Eligibility has limits. Under Code of Criminal Procedure Article 42A.102, deferred adjudication is off the table if your alcohol concentration was 0.15 or more, or if you held a commercial driver’s license at the time of the offense. A prior intoxication conviction also rules it out.
Sealing the record is a separate question. Under Government Code §411.0731, a person placed on community supervision for a first Class B DWI may later petition for an order of nondisclosure, which keeps the record from public view. The wait is two years after community supervision ends if you used an ignition interlock device for at least six months, and five years if you did not.
Contact a Dallas DWI Attorney for a Free Consultation
The Law Offices of RJ Harber defends drivers charged with a first Class B DWI in Dallas, on the license side and in court. The sooner someone reviews your stop, your test, and your deadlines, the more room there usually is to act on them. To talk through where your case stands, contact our DWI attorneys for a free consultation.
Frequently Asked Questions
What’s the difference between a Class A and Class B DWI in Texas?
In Texas, the class of the charge tracks your blood alcohol concentration and your record. A first DWI with a result of 0.08 to 0.14 is filed as a Class B misdemeanor, while a reading of 0.15 or higher moves the case up to a Class A misdemeanor. The class of the DWI controls the range of punishment, so it changes how much jail time and how large a fine you face.
What’s the difference between a first-time and second-time DWI in Texas?
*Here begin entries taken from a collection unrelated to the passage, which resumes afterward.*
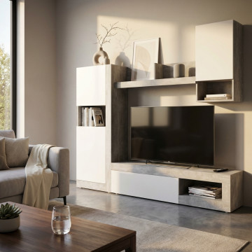 PARETE SOGGIORNO ROOMY BIANCO E GRIGIO EFFETTO CEMENTO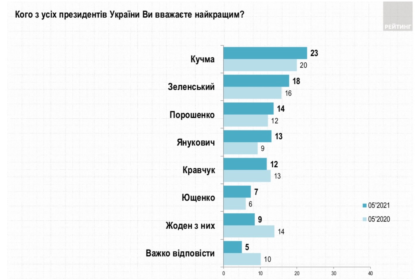 Среди всех президентов независимой Украины, как и в прошлом году, лучшим считают Л.Кучму (23%). 18% ответили, что лучшим президентом является В.Зеленский, 14% считают, что лучшим был П.Порошенко, 13% считают, что лучшим был В.Янкукович, 12% - Кравчук и лишь 7% - В.Ющенко. В то же время, 9% ответили, что ни один из них не был лучшим, еще 5% - затруднились ответить.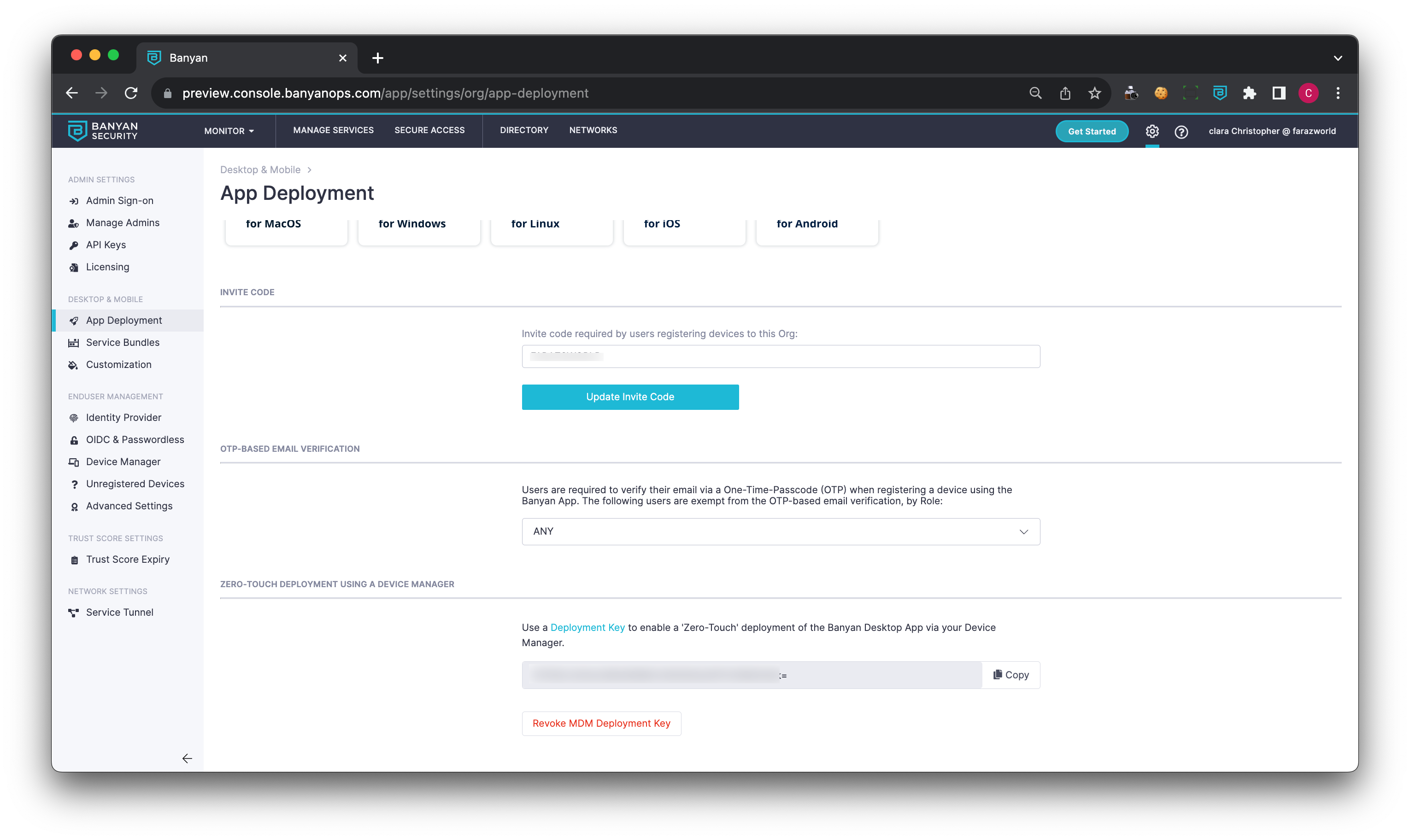 Obtain your organizations Invite Code and Zero Touch Deployment Key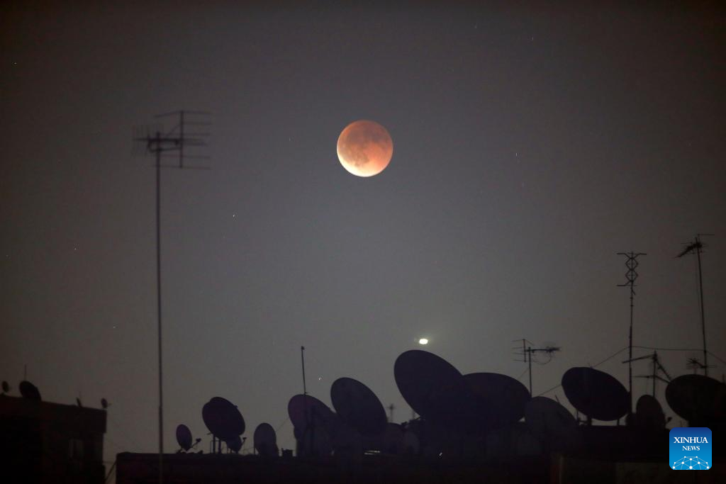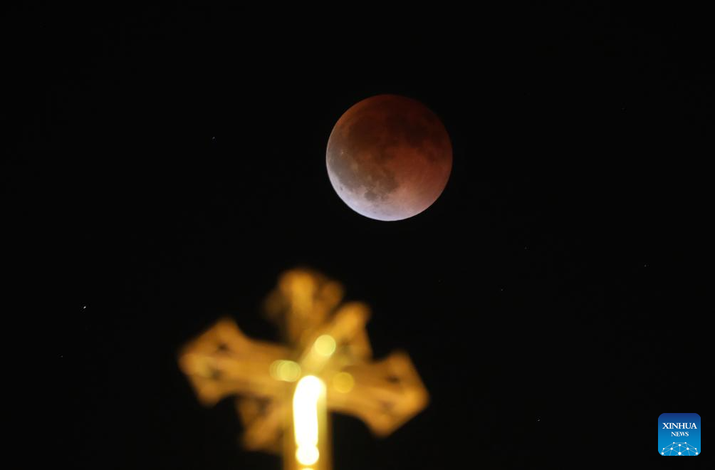 This photo taken on Sept. 7, 2025 shows a view of lunar eclipse in the sky over Bethlehem, the southern West Bank. (Photo by Mamoun Wazwaz/Xinhua)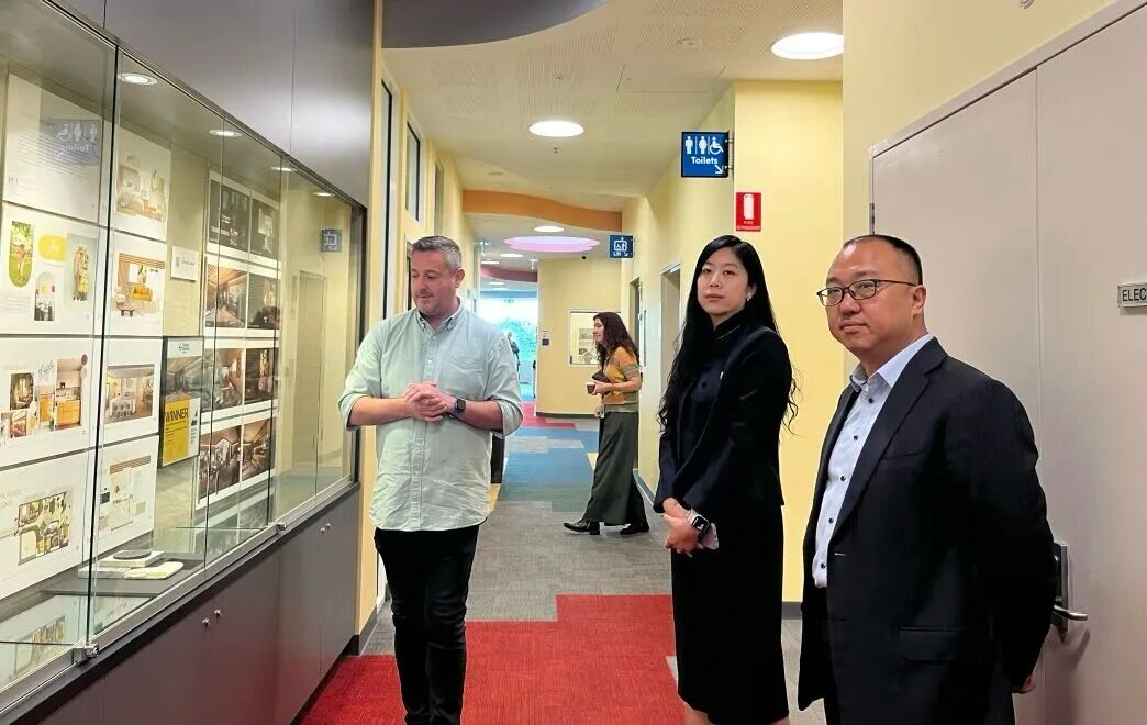 访问墨尔本理工学院期间,代表团受到执行总监Cathy Frazer、副校长Tim Gilbert等学院领导的热情接待。双方对室内艺术设计专业中外合作办学项目成功获批深感欣喜,冯丽伟和Cathy Frazer代表两校签订商务协议,标志着该项目正式启动运行。为高质量推进中外合作办学项目,双方围绕教学计划编制、教师培训等专项议题深入讨论,并一致同意建立教师和学生的互访交流机制。会后,代表团参观了墨尔本理工学院建筑、室内设计相关专业的教学场所,与澳方专业教师开展了教学经验研讨。

A first DWI is usually filed as a Class B misdemeanor, or a Class A at a higher reading, while a second offense is filed as a Class A misdemeanor with a higher minimum jail term. Texas DWI laws treat the second charge with longer license suspension, a larger fine, and a required ignition interlock device. For repeat offenders, a second DWI conviction within a set period can also affect eligibility for probation.